Today’s fast-advancing technology for well design, drilling and completion on other shale plays, are not applicable to California’s Monterey Shale, a panel of local operators last week told the Oil and Gas Awards’ West Coast Energy Summit in Bakersfield, CA.

While speakers agreed there is “huge dormant” potential in the Monterey, particularly in existing fields, they said transferring drilling and completion technologies that are pushing record production in places like the Bakken/Three Forks in North Dakota is not necessarily possible in California.

In part, that’s due to the severely different geology in California (see Shale Daily, Aug. 14), and in part it is because of the different rules applied to oil/natural gas activity in the state and a different approach historically that has resulted in extremely dense drilling areas.

Ramon Elias, a co-founder of Santa Maria Energy and now its vice president for reservoir engineering, said operators in California are becoming more aware of the need to reduce the industry’s footprint. “So we’re looking at ways to modularize our rigs and make them more compact so we don’t disturb as much surface area while we are working, and that brings up the strong tendency for more multi-well pads,” said Elias, who described himself as both an oilman and environmentalist.

Steve Johnson, senior drilling engineer for E&B Natural Resources, and Jeff Prude, a representative from the federal Bureau of Land Management’s (BLM) Bakersfield office, noted that technology and endangered species issues can also play a part of the increased emphasis on smaller drilling footprints.

“California has the highest number of endangered species anywhere in the country,” Prude said. “And we also have the highest density oilfields anywhere, too.” As a result, multi-well pads are the norm everywhere in California, according to the panelists.

With California implementing its new well stimulation (hydraulic fracturing) law (SB 4), acid use in fracking is being cut and a drive to develop “clean acid” is underway, according to Son Tran, technical advisor at MTS Solutions. And Johnson said there is no use of maximum rate drilling, noting his company wants to drill at the “optimal rate.”

“We have found, particularly in Kern County, if you drill too fast you can reduce fracking and drive up costs, so we purposely slow down the run-rate, so we don’t cause [down-hole] problems,” said Johnson. “We want to do it properly and optimally — not the fastest way.”

Elias said when he started in the oil/gas exploration and production business 43 years ago, everything was vertical; now two-thirds of the jobs are directionally drilled.

Many of the drilling techniques that are used successfully in the Bakken and Eagle Ford are not applicable in California because the formations are much different and the rocks in the West are much younger.

“Another difference is the massiveness of the California formations as opposed to the thin intervals in other parts of the country,” Santa Maria Energy’s Elias said. “And we have many more options available to use that are less demanding than other parts of the country.

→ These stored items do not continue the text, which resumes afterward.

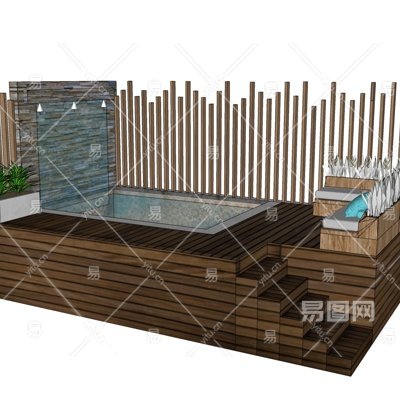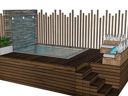 现代实木平台水景墙小品su模型
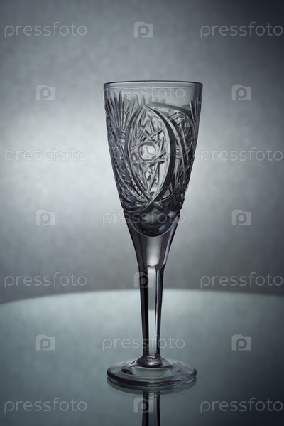 Вертикальный снимок пустого бокала для шампанского на сером фоне
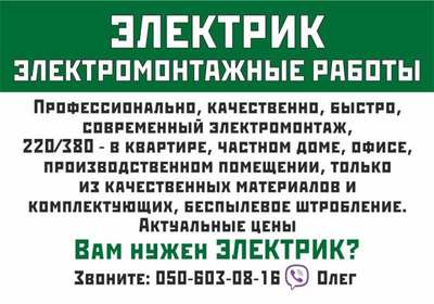 Электрик, Электромонтажные работы - профессионально,качественно,,быстро! Комплекс электромонтажных работ в квартирах,частных домах,офисах,производственных помещениях.Работа с качественными материалами! Актуальные цены! |

“Of the parts of the Monterey that have been drilled the recovery rates have been less than 10%, so there is a tremendous potential remaining even if we only drilled on the existing fields that we are going after right now. In addition to that there is all the potential that exists in the more traditional shale-like Monterey accumulations, and I don’t think we have put together the right combination of things to tap those resources.”

While the financial community is often asking about what techniques are transferable from other successful shale plays to California, Elias reiterated that there aren’t any, necessarily. But he thinks that should not take away from a “huge dormant potential in California” found in deposits like the shallow opal-A dolomite, that are several times larger in potential than Prudhoe Bay in Alaska.

Prude said the reason that the potential for the Monterey Shale was slashed earlier (see Shale Daily, May 21) was that only a small part of the acreage has been tested by the industry and most of its has shown poor economic potential without cutting the cost of production in half or doubling production.

Undaunted, Elias talked about California having multiple alternatives, including offshore resources, shale and the opal-A dolomite. He said California could be the top reserve state in the nation if state officials permit it to happen.

California represented as much as 18.3% of total U.S. proved crude oil reserves in 1998, but a combination of the emergence of unconventional production areas such as the Bakken and Eagle Ford shales, along with tougher environmental standards in California that have likely limited the amount of exploration and production capital spent in the state, have combined to push that figure below 10%.